> _Task brief_: The material below includes pictures; leave them out and return only the lines between the line containing "처음에 통장을 개설 할" and the line containing "2、在个人中心页面点击登录注册区域,进入短信验证登录注册页面。", inclusive, word for word.

> _Entries shown_:
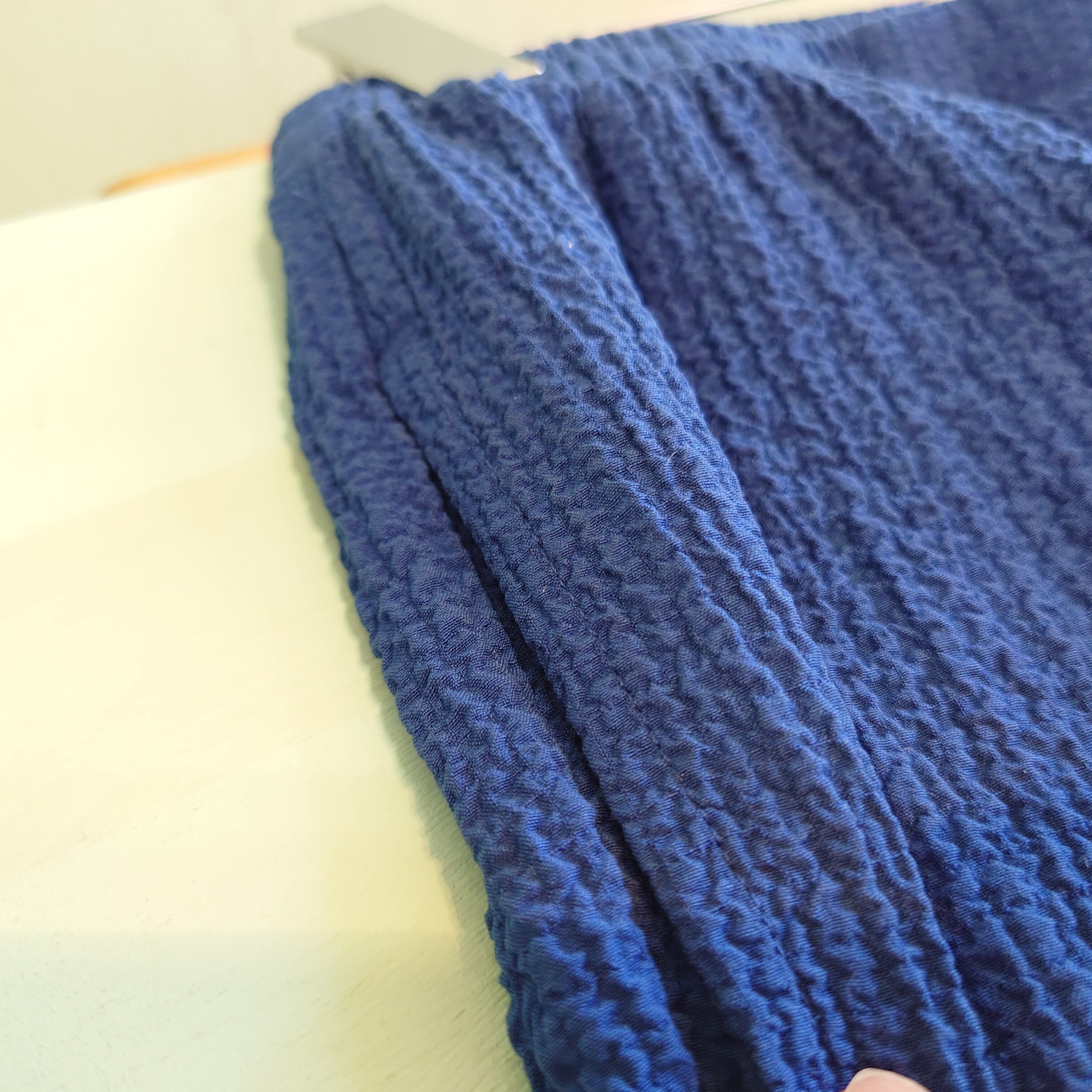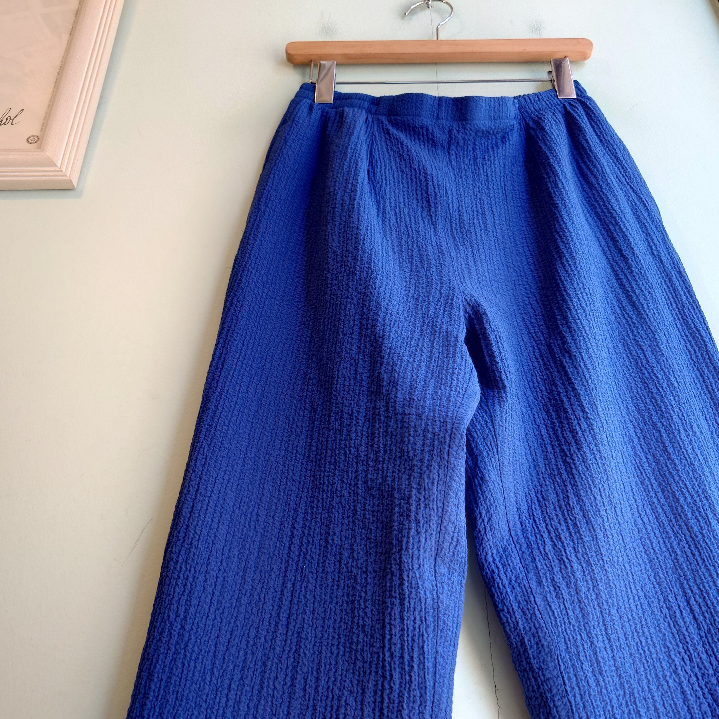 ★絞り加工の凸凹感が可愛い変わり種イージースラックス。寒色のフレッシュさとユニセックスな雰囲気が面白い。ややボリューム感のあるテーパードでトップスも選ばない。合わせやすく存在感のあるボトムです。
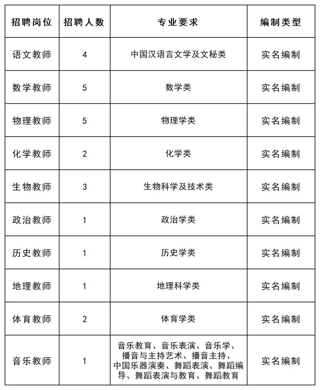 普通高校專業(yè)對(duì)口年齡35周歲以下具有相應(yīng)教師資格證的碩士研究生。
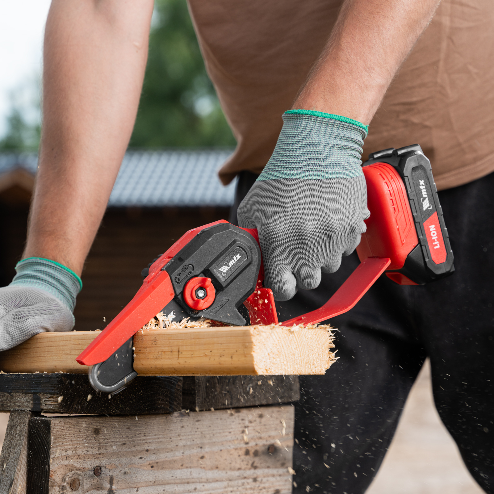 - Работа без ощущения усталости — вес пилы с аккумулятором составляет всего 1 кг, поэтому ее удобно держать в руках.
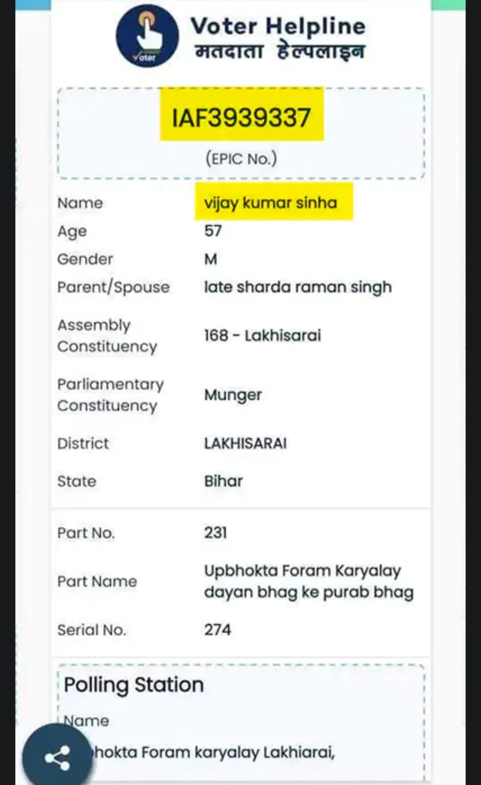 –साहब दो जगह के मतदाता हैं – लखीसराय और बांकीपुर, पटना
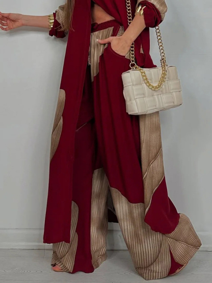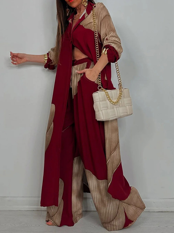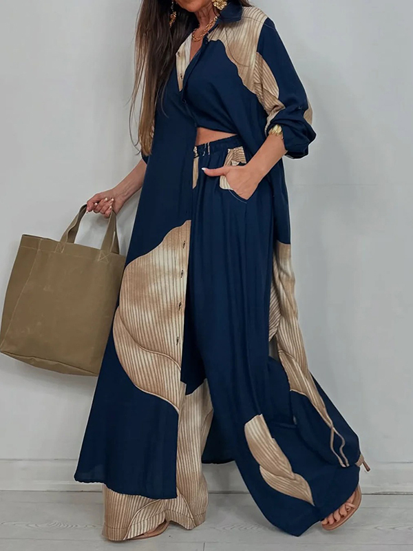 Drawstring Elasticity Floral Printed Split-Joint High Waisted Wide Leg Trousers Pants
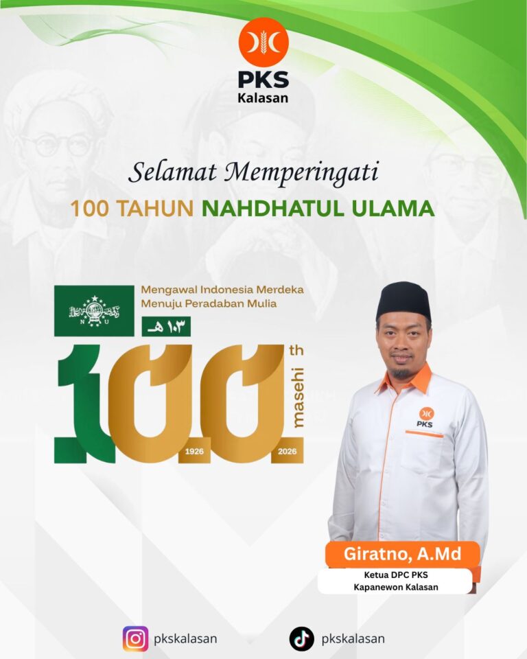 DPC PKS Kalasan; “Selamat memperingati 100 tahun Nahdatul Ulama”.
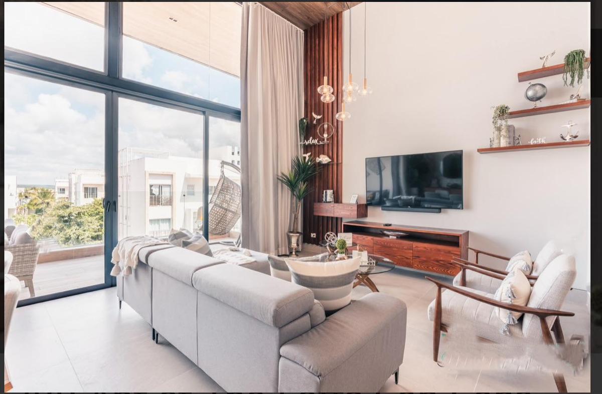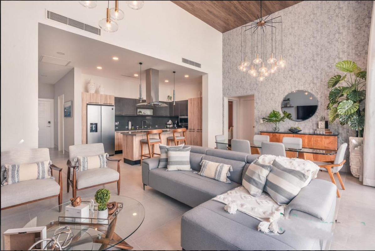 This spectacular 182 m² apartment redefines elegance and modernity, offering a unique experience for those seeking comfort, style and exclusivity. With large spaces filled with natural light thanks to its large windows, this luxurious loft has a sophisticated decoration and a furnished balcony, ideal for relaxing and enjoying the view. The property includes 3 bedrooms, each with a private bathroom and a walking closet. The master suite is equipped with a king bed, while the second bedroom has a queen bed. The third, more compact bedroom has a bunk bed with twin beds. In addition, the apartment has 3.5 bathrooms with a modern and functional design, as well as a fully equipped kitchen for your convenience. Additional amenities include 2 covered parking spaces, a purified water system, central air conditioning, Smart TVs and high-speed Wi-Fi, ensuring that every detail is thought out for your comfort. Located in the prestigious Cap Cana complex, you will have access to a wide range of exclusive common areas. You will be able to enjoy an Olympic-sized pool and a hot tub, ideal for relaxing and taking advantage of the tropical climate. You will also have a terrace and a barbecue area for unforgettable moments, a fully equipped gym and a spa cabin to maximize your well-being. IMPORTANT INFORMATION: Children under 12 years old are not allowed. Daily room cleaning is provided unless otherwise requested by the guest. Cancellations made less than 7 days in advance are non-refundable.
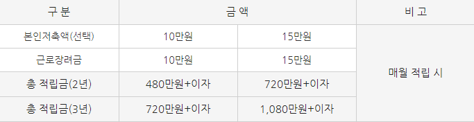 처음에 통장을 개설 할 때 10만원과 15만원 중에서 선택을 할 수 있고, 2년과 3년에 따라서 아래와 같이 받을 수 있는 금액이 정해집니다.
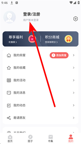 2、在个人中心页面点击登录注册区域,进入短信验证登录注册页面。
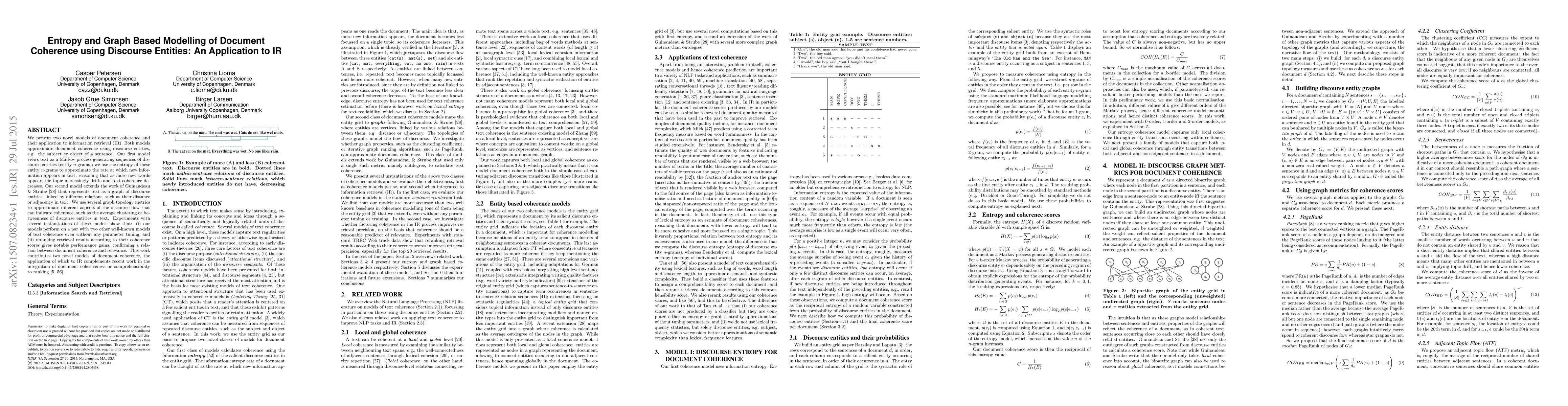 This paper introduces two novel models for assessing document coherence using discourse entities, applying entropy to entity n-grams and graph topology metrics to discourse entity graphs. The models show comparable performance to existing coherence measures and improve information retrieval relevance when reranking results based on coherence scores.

> _Reply to the task_:
 처음에 통장을 개설 할 때 10만원과 15만원 중에서 선택을 할 수 있고, 2년과 3년에 따라서 아래와 같이 받을 수 있는 금액이 정해집니다.
 2、在个人中心页面点击登录注册区域,进入短信验证登录注册页面。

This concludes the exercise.